TSLint is a static analysis tool for TypeScript.

The recommended way of running the TSLint tool is to generate a json output file.

The following example shows you how to run TSLint and store the results found by TSLint to the CodeChecker database.

# Run TSLint.
tslint --format json /path/to/my/ts/file -o ./tslint_reports.json

# Use 'report-converter' to create a CodeChecker report directory from the
# analyzer result of TSLint.
report-converter -t tslint -o ./codechecker_tslint_reports ./tslint_reports.json

# Store the TSLint reports with CodeChecker.
CodeChecker store ./codechecker_tslint_reports -n tslint

Golint is a static analysis tool for Go code.

The recommended way of running Golint is to redirect the output to a file and give this file to the report converter tool.

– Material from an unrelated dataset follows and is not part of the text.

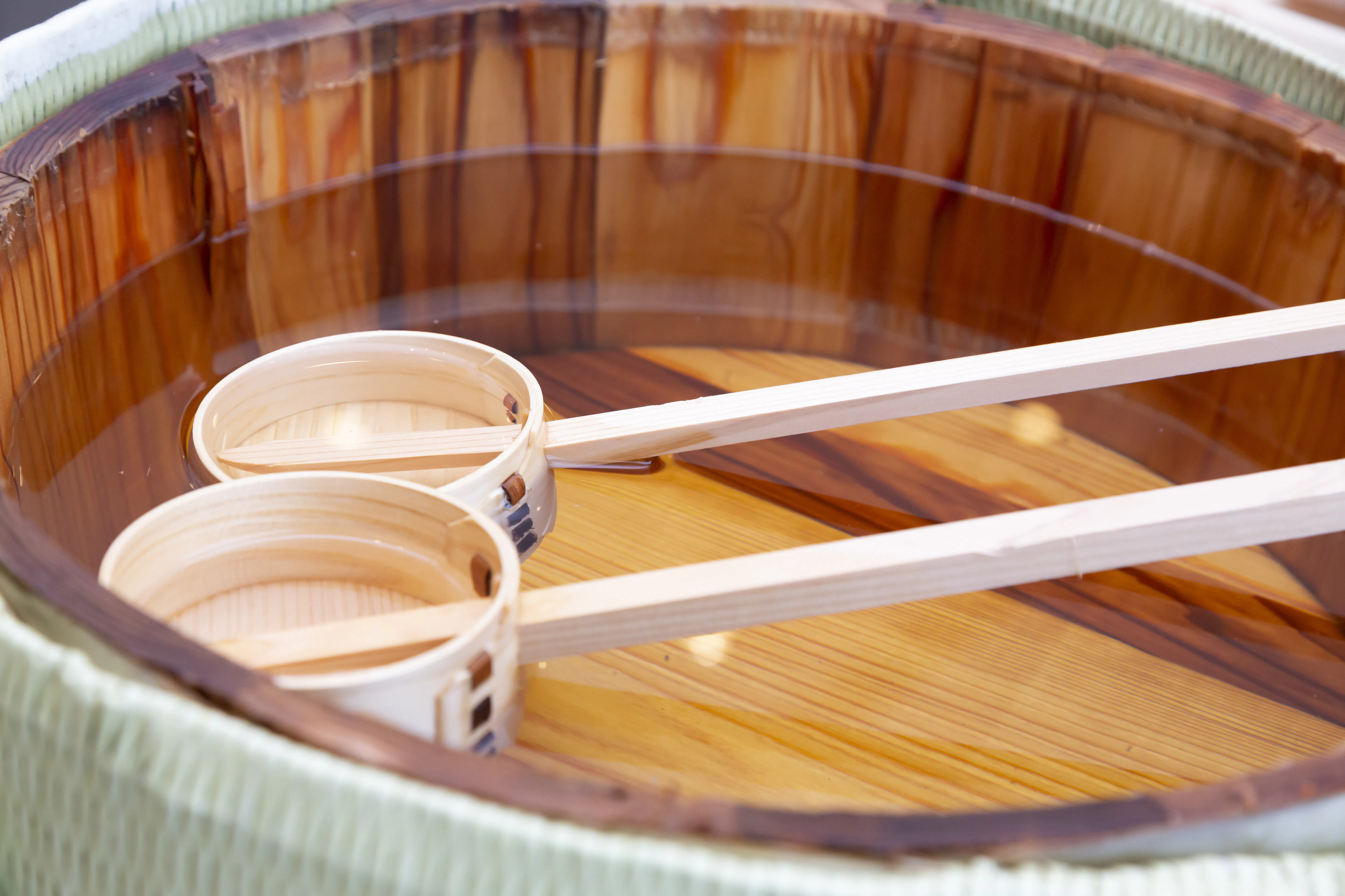 杉のマドラーで燗をつけると、本来は時間をかけて出来上がる、

The following example shows you how to run Golint and store the results found by Golint to the CodeChecker database.

# Run Golint.
golint /path/to/your/project > ./golint_reports.out

# Use 'report-converter' to create a CodeChecker report directory from the
# analyzer result of Golint.
report-converter -t golint -o ./codechecker_golint_reports ./golint_reports.out

# Store the Golint reports with CodeChecker.
CodeChecker store ./codechecker_golint_reports -n golint

License

The project is licensed under Apache License v2.0 with LLVM Exceptions. See LICENSE.TXT for details.